Whether an intermediate MHCII diversity relates positively to fitness remains to be shown conclusively. When combining our present dataset with the dataset from Rekdal et al. (2021), we found that offspring that had closer to the mean number of MHCII PSS alleles mounted a stronger PHA response than offspring at either end of the distribution, with a significant within-brood effect after the first injection and a significant among-brood effect after the second injection. The results from Rekdal et al. (2021) were thus strengthened when adding the present dataset, even though there were no significant effects in this dataset alone. The relationship between the PHA response and fitness is debated (e.g., Vinkler et al. 2012; Bowers et al. 2014). Based on the available evidence for the bluethroat, with extra-pair offspring showing a higher PHA response than their half-siblings (Johnsen et al. 2000; Fossøy et al. 2008) and an additional positive association with intermediate MHCII diversity (Rekdal et al. 2021, this study), it seems likely that a high PHA-response is positive for the individual and thus related to fitness. Nevertheless, future studies should focus on other fitness traits to test the hypothesis that an intermediate diversity of MHCII is selected for in this and other species.

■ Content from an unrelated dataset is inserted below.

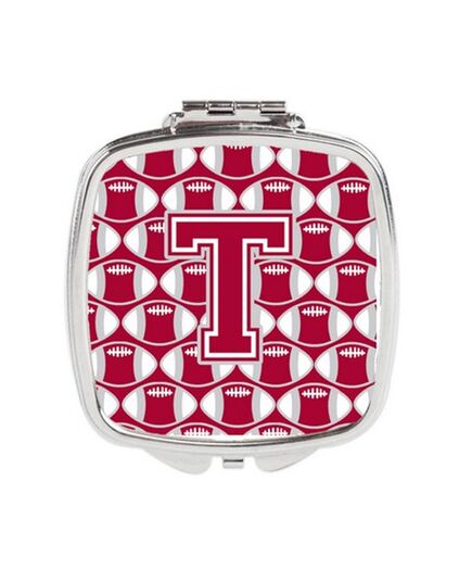 Carolines Treasures CJ1065-TSCM Letter T Football Crimson, Grey & White Compact Mirror

In conclusion, we found evidence for the expectation that female bluethroats without extra-pair young in their broods have an MHC-compatible social mate, but only within the subgroup of females that are mated to young males. This could be explained by the higher sperm competitiveness of older males, essentially overriding female preferences. Thus, our results indicate that mate choice for compatible MHC-genes operates in a context of sexual conflict, where age-specific characteristics of the individual players affect the outcome.